P. pastoris proved to be a valuable cell factory for the directed evolution of the lipase from R. chinensis for thermostability improvement, especially when combined with the novel method of library construction described here. In the present study, the thermostability of r27RCL was improved significantly by two rounds of error-prone PCR and two rounds of DNA shuffling in P. pastoris. The S4-3 variant is the most thermostable lipase from Rhizopus sp., under the conditions tested. Compared with the parent r27RCL, the optimum temperature of S4-3 was two degrees higher, Tm was 22 degrees higher and half-lives at 60°C and 65°C were 46- and 23- times longer, respectively. Moreover, the catalytic efficiency kcat/Km of S4-3 was comparable to the parent. In summary, S4-3 maintained good catalytic properties and exhibited much greater tolerability and stability at high temperatures, which made this variant a promising candidate for industrial applications at high temperatures.

Methods

Strains, plasmid, reagents and cultures

Restriction endonucleases, Taq DNA polymerase were purchased from Takara. All chemicals were of analytical grade or higher quality and purchased from Sigma.
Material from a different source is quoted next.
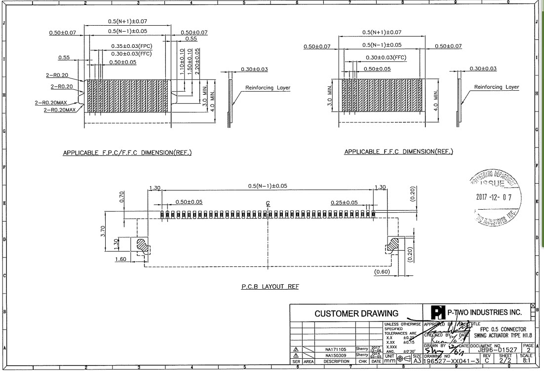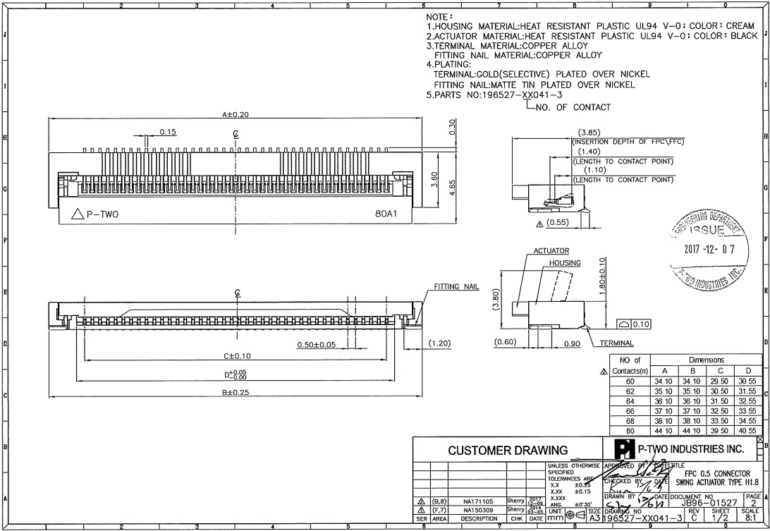 0.5 FPC FFC 68P LCD socket 196527-68041-3 flap with snap H=1.8

P. pastoris GS115 (His-Mut+) and the pPIC9K expression vector are from Invitrogen BV. Recombinant plasmid pPIC9K-proRCL and strain GS115/ pPIC9K-proRCL were constructed by [Yu et al. 10]. The media used in this study include YPD (10g/L yeast extract, 20g/L peptone, 20g/L dextrose), MD (13.4g/L YNB, 0.016 μM biotin, 20g/L dextrose), BMGY (10g/L yeast extract, 20g/L peptone, 10g/L glycerol, pH 6.0 100 mM potassium phosphate, 13.4g/L YNB, 0.016 μM biotin), BMMY (10g/L yeast extract, 20g/L peptone, 10g/L methanol, pH 6.0 100 mM potassium phosphate, 13.4g/L YNB, 0.016μM biotin), BMMYA (10g/L yeast extract, 20g/L peptone, 5g/L methanol, pH 6.0 100 mM potassium phosphate, 13.4g/L YNB, 0.016 μM biotin, 6g/L agar).
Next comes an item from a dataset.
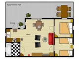 De keuken van appartement Hof is ingericht met combimagnetron, koelkast met vriesvak, vaatwasser, waterkoker en Senseo. De woonkamer heeft een zithoek met tv. Er is ook een eethoek. Er zijn twee slaapkamers, waarvan een met tweepersoons-boxspringbed. De andere slaapkamer heeft twee eenpersoons-boxspringbedden. De badkamer heeft een bad en toilet. Appartement Hof heeft een terras.

Production of proRCL variants by error-prone PCR

The first two rounds of random mutagenesis of proRCL gene were carried out by error-prone PCR as described elsewhere [43]. A 50 μL reaction mixture contained 5 μL PCR Gold buffer, 0.7 mM MnCl2, 3 mM MgCl2, 0.5 mM dATP/dGTP, 2.5 mM dCTP/dTTP, 40 pmol of each primer (BC-F and BC-R), 5 ng of plasmid pPIC9K-proRCL, and 2.5 U of Taq polymerase. PCR cycle conditions were: initial denaturation for 3 min at 94°C; followed by 30 cycles of 30 s at 94°C, 30 s of annealing at 55°C and 1 min of extension at 72°C; and a 10 min final extension at 72°C. The template for the second round of error-prone PCR used an equimolar mixture of positive variants from the first generation of random mutagenesis.

Production of proRCL variants by DNA shuffling

The last two rounds of random mutagenesis of proRCL gene were carried out by DNA shuffling based on the previously methodology reported by [Zhao and Arnold 44]. The DNA template was an equimolar mixture of positive variants from the former round. The template was digested with 0.1 U DNase I in 200 μL of 50 mM Tris-HCl pH 7.4, 1 mM MgCl2 for 10 min at 37°C. Fragments of 50-100 bp were purified by gel extraction (QIAGEN). Then purified fragments were resuspended in PCR mixture (without primers) containing 5 μL PCR Gold buffer, 200 μM of each dNTP and 1.25 U of Taq polymerase. PCR cycle conditions were: initial denaturation for 3 min at 94°C; followed by 10 cycles of 30 s at 94°C, 30 s of annealing at 45°C and 1 min of extension at 72°C; 10 cycles with annealing temperatures of 48°C and 51°C, respectively; and a 10 min final extension at 72°C. Then, 1-3 μL of primerless PCR product was added to a 50 μL PCR mixture with 2 μM primers (BC-F/BC-R). Other PCR conditions were similar to those described above, and a single product comprising full-length proRCL was obtained.

Production of his4 3'-end containing fragment (vector fragment A and D)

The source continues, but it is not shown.